The global economy is also experiencing a downshift in emerging market growth momentum led by China, which may prove somewhat persistent. Whereas earlier in the recovery there was a striking divergence between the relatively buoyant growth in major emerging economies and depressed growth in advanced economies, lately the extent of divergence has diminished noticeably.9 China is undergoing a challenging set of economic transitions. Trend growth has slowed substantially and is expected to slow further, and the composition of growth is shifting away from resource-intensive manufacturing and exports toward a greater share for consumption and services. China's investment has slowed sharply recently after accounting for nearly one-third of global investment over the past three years and about one-half of global consumption in certain metals such as iron ore, aluminum, copper, and nickel. Commodity exporters and close trading partners in Asia will be most affected, but the changes in the composition and rate of growth in a country that has accounted for about one-third of the growth in world output and trade will likely ripple through the global economy much more generally.

Amplified spillovers

Of course, policy divergence among major economies could be limited by rapid and strong transmission of foreign shocks across borders. In particular, although the U.S. real economy has traditionally been seen as more insulated from foreign trade shocks than many smaller economies, the combination of the highly global role of the dollar and U.S. financial markets and the proximity to the zero lower bound may be amplifying spillovers from foreign financial conditions. By one rough estimate, accounting for the net effect of exchange rate appreciation and changes in equity valuations and long term yields, over the past year and a half, the United States has experienced a tightening of financial conditions that is the equivalent of an additional increase of over 75 basis points in the federal funds rate.10

The transmission of divergent economic conditions across borders typically occurs though a couple of different channels. First, a decline in demand in one country reduces its demand for imports from other countries. Second, the fall in economic activity would be expected to trigger a more accommodative monetary policy, which helps offset the effect of the shock by both supporting domestic demand and weakening the exchange rate. The weaker exchange rate in turn leads domestic consumers to switch their expenditures away from more expensive foreign imports to cheaper domestic products while increasing the competitiveness of exports. The extent to which monetary policy offsets the shock by dispersing it to trade partners as opposed to strengthening domestic demand depends on the responsiveness of domestic demand relative to the exchange rate. The exchange rate channel, by raising the price of imports in domestic currency, also pushes up domestic inflation and exerts downward pressure on foreign inflation.

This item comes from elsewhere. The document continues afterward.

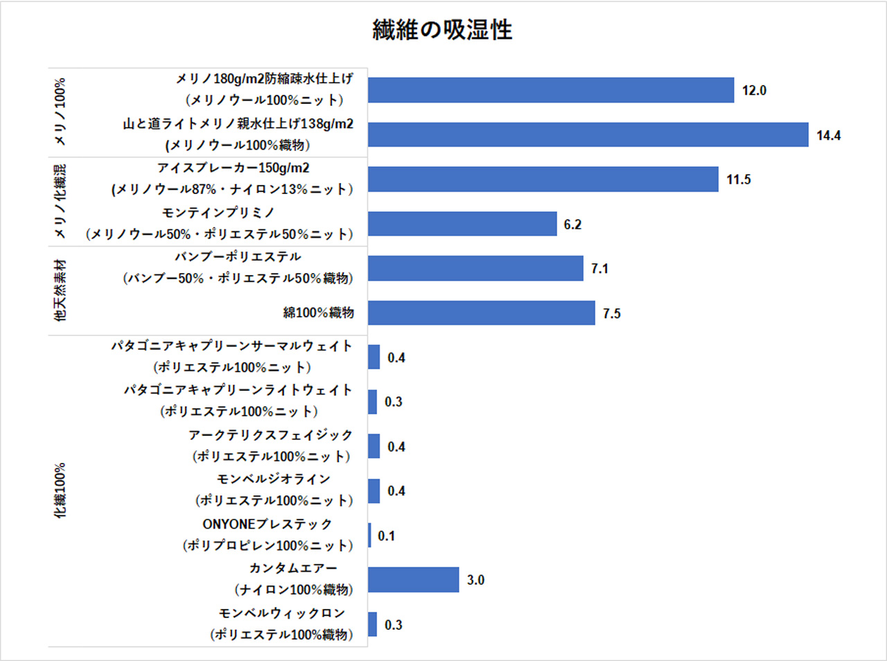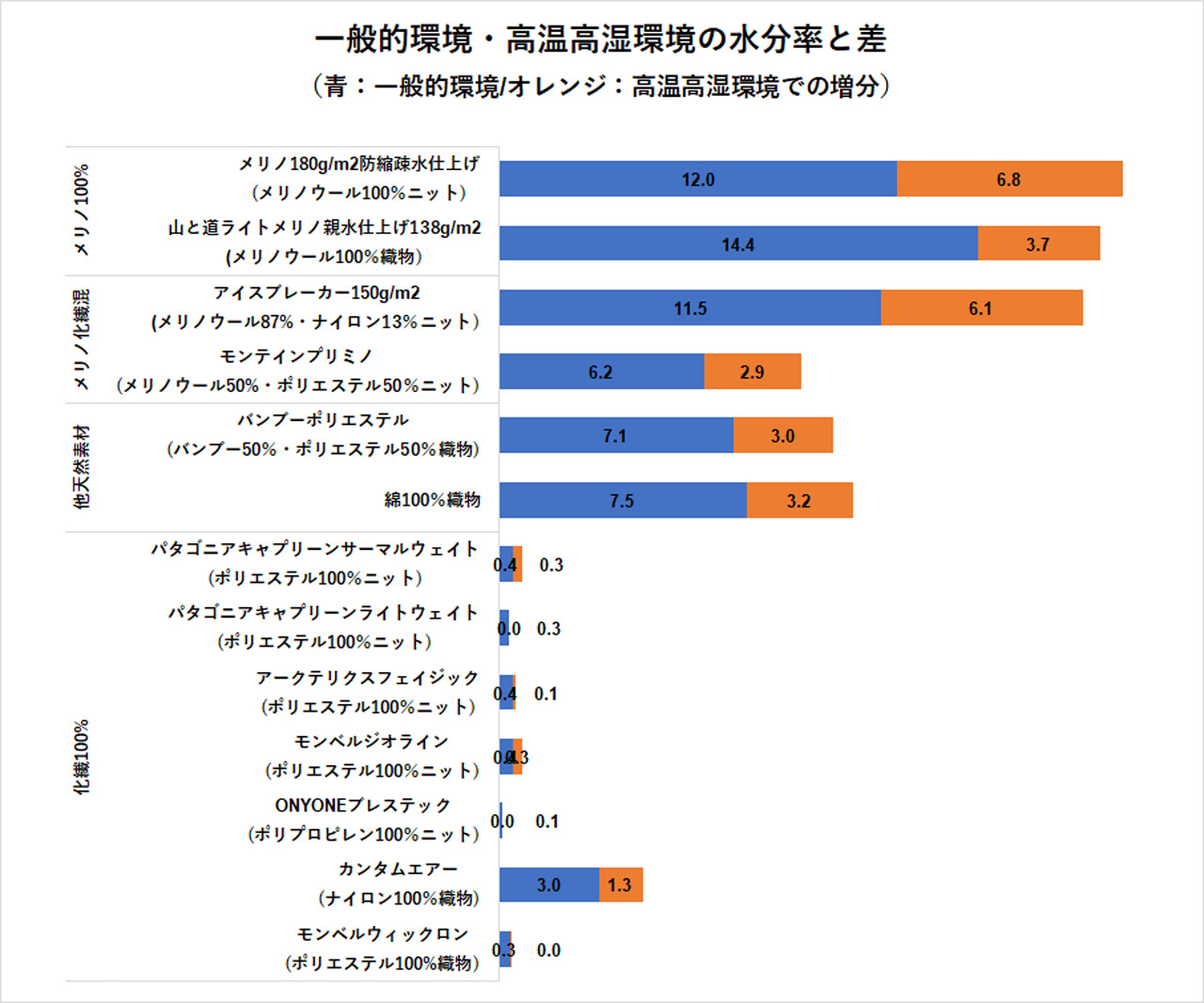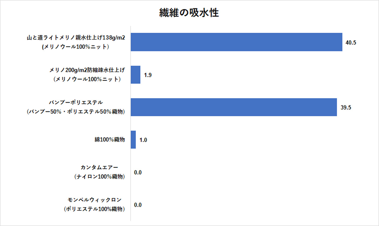 コットン(図の表記では綿100%織物)は一般的に吸水性に優れた素材とされており、この実験でも高い値が期待されたが、ほとんど水を吸い上げなかった。ウールも親水性の加工を施したものは吸水したものの、アウトドア衣料で一般的に用いられている疎水性ウールは水をはじいてしまい、ほとんど吸水しなかった。ナイロン、ポリエステルの吸水もゼロであった。

The strength of spillovers across countries and the extent to which that affects policy divergence across countries depend on a foreign economy's openness to these different channels. The recent experience of Sweden suggests that for highly open economies, the effect of foreign shocks can be extremely powerful.11 Sweden's economic growth has been relatively rapid recently, reaching nearly 4 percent over the most recent four quarters. Moreover, the employment gap is estimated to be nearly closed, and there are signs of financial excess in the housing market. In ordinary times, these conditions would be consistent with relatively tight monetary policy. However, inflation has run persistently well below the central bank's 2 percent inflation target. Given the relative openness of Sweden's economy, moving the inflation rate back up to target has been greatly complicated by the sensitivity of Sweden's exchange rate and financial conditions to developments in the euro area, where domestic economic conditions are consistent with much more accommodative policy. As a result, the Riksbank has been pursuing extremely accommodative monetary policy, most recently lowering the interest rate on deposits to minus 0.5 percent and authorizing the Governor and Deputy Governor to intervene in foreign currency markets.

Even in the much larger United States economy, with imports accounting for a little over 15 percent of gross domestic product (GDP), spillovers can be quite strong, in part reflecting the international role of U.S. financial markets and the dollar. Since the middle of 2014, with a reassessment of demand growth in the euro area and subsequently in emerging markets and other commodity exporters, the real trade-weighted value of the dollar has increased nearly 20 percent. As a result, in 2014 and 2015, net exports subtracted a little over 1/2 percentage point from GDP growth each year, and econometric models point to a subtraction of a further 1 percentage point this year.12 In addition, the dollar's appreciation is estimated to have put significant downward pressure on inflation: Non-oil import prices fell 3-1/2 percent in 2015, subtracting an estimated 1/2 percentage point from core PCE inflation.13

Financial channels can powerfully propagate negative shocks in one market by catalyzing a broader reassessment of risks and increases in risk spreads across many financial markets. Since the beginning of the year, U.S. financial markets have reacted strongly to adverse news on emerging market growth, even though the news on the U.S. labor market has remained positive. In this regard, although China's direct imports from the United States are modest, uncertainty about changes to its exchange rate system and financial imbalances, together with changes in the composition of its growth, have had broader global spillovers that may pose risks to the U.S. outlook.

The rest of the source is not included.